[proofplan]
Universality of $k_\phi$ is, by definition, the statement that the family $\mathcal{V} := \operatorname{span}\{k_\phi(\gamma, \cdot)|_\mathcal{K} : \gamma \in \mathcal{K}\}$ of finite linear combinations of kernel sections is dense in $C(\mathcal{K})$ uniformly, for every compact $\mathcal{K} \subset \mathcal{C}_p$. The proof rests on the auxiliary fact that $\mathcal{V}$ is also $\|\cdot\|_\infty$-dense in the larger family $\mathcal{H}_\phi|_\mathcal{K}$ — a standard reproducing-kernel computation upgraded from $\mathcal{H}_\phi$-norm density to uniform density via the pointwise bound $|f(\gamma)| \leq \sqrt{k_\phi(\gamma,\gamma)}\|f\|_{\mathcal{H}_\phi}$. With this lemma, the forward direction is immediate inclusion $\mathcal{V} \subseteq \mathcal{H}_\phi|_\mathcal{K}$, and the reverse direction is a triangle-inequality chase: an arbitrary $f \in C(\mathcal{K})$ is first $\varepsilon/2$-approximated by an element of $\mathcal{H}_\phi|_\mathcal{K}$, which is then $\varepsilon/2$-approximated by an element of $\mathcal{V}$.
[/proofplan]
[step:Establish the lemma that the kernel-section span is uniformly dense in the restricted RKHS]
Fix a compact $\mathcal{K} \subset \mathcal{C}_p$. We show:
\begin{align*}
\mathcal{V} := \operatorname{span}\{k_\phi(\gamma, \cdot)|_\mathcal{K} : \gamma \in \mathcal{K}\} \quad \text{is uniformly dense in} \quad \mathcal{H}_\phi|_\mathcal{K}.
\end{align*}
Let $f \in \mathcal{H}_\phi|_\mathcal{K}$ and $\varepsilon > 0$. Then $f = g|_\mathcal{K}$ for some $g \in \mathcal{H}_\phi$. By the [definition of the RKHS as the closure of the linear span of kernel sections in the $\mathcal{H}_\phi$-norm](/theorems/???), there exist $n \in \mathbb{N}$, points $\gamma_1, \ldots, \gamma_n \in \mathcal{C}_p$, and coefficients $c_1, \ldots, c_n \in \mathbb{R}$ such that the finite combination $g_n := \sum_{i=1}^n c_i k_\phi(\gamma_i, \cdot)$ satisfies $\|g - g_n\|_{\mathcal{H}_\phi} < \delta$ for any prescribed $\delta > 0$.

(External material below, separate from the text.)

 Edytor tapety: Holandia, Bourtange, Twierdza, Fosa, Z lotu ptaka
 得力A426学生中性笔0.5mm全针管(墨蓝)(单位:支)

By the [reproducing property](/theorems/???), for each $\gamma \in \mathcal{K}$,
\begin{align*}
|g(\gamma) - g_n(\gamma)| = |\langle g - g_n, k_\phi(\gamma, \cdot)\rangle_{\mathcal{H}_\phi}| \leq \|g - g_n\|_{\mathcal{H}_\phi} \cdot \|k_\phi(\gamma, \cdot)\|_{\mathcal{H}_\phi} = \|g - g_n\|_{\mathcal{H}_\phi} \cdot \sqrt{k_\phi(\gamma, \gamma)},
\end{align*}
where we applied Cauchy--Schwarz in $\mathcal{H}_\phi$ and used $\|k_\phi(\gamma,\cdot)\|_{\mathcal{H}_\phi}^2 = \langle k_\phi(\gamma,\cdot), k_\phi(\gamma,\cdot)\rangle_{\mathcal{H}_\phi} = k_\phi(\gamma,\gamma)$.

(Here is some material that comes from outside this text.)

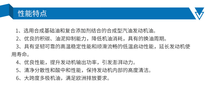 ●选用进口合成基础油和复合添加剂结合的合成型汽油发动机油。

The function $\gamma \mapsto k_\phi(\gamma, \gamma) = \|S(\gamma)\|_\phi^2$ is continuous on $\mathcal{C}_p$ because $S$ is continuous (by hypothesis) and $\|\cdot\|_\phi^2$ is continuous on $T_\phi((V))$. By compactness of $\mathcal{K}$, the [extreme value theorem](/theorems/???) gives
\begin{align*}
M_\mathcal{K} := \sup_{\gamma \in \mathcal{K}} \sqrt{k_\phi(\gamma, \gamma)} < \infty.
\end{align*}
Hence
\begin{align*}
\sup_{\gamma \in \mathcal{K}} |g(\gamma) - g_n(\gamma)| \leq M_\mathcal{K} \, \|g - g_n\|_{\mathcal{H}_\phi}.
\end{align*}
Choosing $\delta := \varepsilon / M_\mathcal{K}$ (or $\delta = \varepsilon$ if $M_\mathcal{K} = 0$, in which case $\mathcal{H}_\phi|_\mathcal{K} = \{0\}$ directly), we obtain $\|f - g_n|_\mathcal{K}\|_\infty < \varepsilon$. Since $g_n|_\mathcal{K} \in \mathcal{V}$, this shows $\mathcal{V}$ is $\|\cdot\|_\infty$-dense in $\mathcal{H}_\phi|_\mathcal{K}$.
[guided]
The lemma is the analytic backbone of both directions of the equivalence. It asserts that even though $\mathcal{H}_\phi|_\mathcal{K}$ is *a priori* larger than $\mathcal{V}$, the two have the same uniform closure inside $C(\mathcal{K})$. We prove it in three movements: (a) write $f \in \mathcal{H}_\phi|_\mathcal{K}$ as the restriction of an element $g$ of the abstract RKHS; (b) approximate $g$ in $\mathcal{H}_\phi$-norm by a finite kernel-section combination $g_n$; (c) convert RKHS-norm closeness to uniform closeness on $\mathcal{K}$ via a pointwise evaluation bound that comes from the reproducing property.
Fix $f \in \mathcal{H}_\phi|_\mathcal{K}$ and $\varepsilon > 0$. By definition of the restriction, there exists $g \in \mathcal{H}_\phi$ with $f = g|_\mathcal{K}$.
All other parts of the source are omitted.